La bataille des services publics de proximité n’a donc pas été livrée. Elle ne pouvait qu’être perdue dans des conditions qui vont beaucoup pénaliser les habitants dans les prochaines années.
#Métro : une séance de conseil ou la dramatique image de hall de gare : tout dernièrement, une association locale (ellesmarchent38) levait de façon légitime la question de l’absentéisme des nouveaux députés lors de l’actuelle session parlementaire et à plus forte raison au moment où est entrée en application la loi anti-cumul de mandats. Dans le meme registre, une image est dramatique pour la Métro : le visionnage des séances du Conseil Métropolitain. On dirait un hall de gare avec des sièges dont l’occupation change en permanence. Un point que confirme la lecture du compte rendu écrit. Prenons l’exemple du dernier compte rendu relatif à la séance du 8 juillet. 33 pouvoirs ont été donnés à d’autres élus pour toute la séance par des élus ... absents. C’est un chiffre énorme.
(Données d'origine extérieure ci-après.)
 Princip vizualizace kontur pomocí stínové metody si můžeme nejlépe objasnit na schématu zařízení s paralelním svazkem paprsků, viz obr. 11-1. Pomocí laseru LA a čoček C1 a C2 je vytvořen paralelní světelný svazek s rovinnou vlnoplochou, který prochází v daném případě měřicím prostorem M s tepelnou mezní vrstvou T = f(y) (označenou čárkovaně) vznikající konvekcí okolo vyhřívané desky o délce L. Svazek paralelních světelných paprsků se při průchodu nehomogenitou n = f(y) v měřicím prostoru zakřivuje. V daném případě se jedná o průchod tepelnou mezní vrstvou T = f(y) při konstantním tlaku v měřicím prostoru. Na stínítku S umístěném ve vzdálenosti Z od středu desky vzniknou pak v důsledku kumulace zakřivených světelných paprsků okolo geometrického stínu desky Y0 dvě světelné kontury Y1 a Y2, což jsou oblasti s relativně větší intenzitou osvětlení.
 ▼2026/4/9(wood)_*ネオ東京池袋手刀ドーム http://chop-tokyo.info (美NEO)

Ce qui encore plus “énorme”, c’est le choix des détenteurs de pouvoirs. Ainsi le maire de St Paul de Varces (David Richard, LR38 pro-Fillon) donne pouvoir au maire de ... Claix pour défendre les intérêts de St Paul de Varces pendant ladite séance. Le maire de Vif (Guy Genet LR38) donne pouvoir à une ...
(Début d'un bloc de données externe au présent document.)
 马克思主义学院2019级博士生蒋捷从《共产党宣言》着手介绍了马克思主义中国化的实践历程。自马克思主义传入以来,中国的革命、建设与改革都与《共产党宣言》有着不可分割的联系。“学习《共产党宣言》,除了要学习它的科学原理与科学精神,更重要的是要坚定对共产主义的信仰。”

élue de Grenoble pour défendre les intérêts de ... Vif pendant ladite séance. Et dans le même ordre “d’originalités”, le compte rendu de la séance du 19 mai avec une page entière de pouvoirs attribués par numéros de délibérations : un tourniquet permanent. Les élus se croisaient. Il n’est même pas sûr qu’ils aient été une seule fois tous ensemble au même moment dans la même pièce. Les élus sont pourtant payés pour participer à de telles séances ! Seule la Ville de Grenoble publie une liste annuelle des indemnités perçues par les élus. Dommage que cet exemple ne soit pas suivi par d’autres Communes. Ce devrait être d’ailleurs une publication légale annuelle obligatoire ! Dans de telles circonstances, il y a une sérieuse matière à douter du bon suivi des débats avant les votes.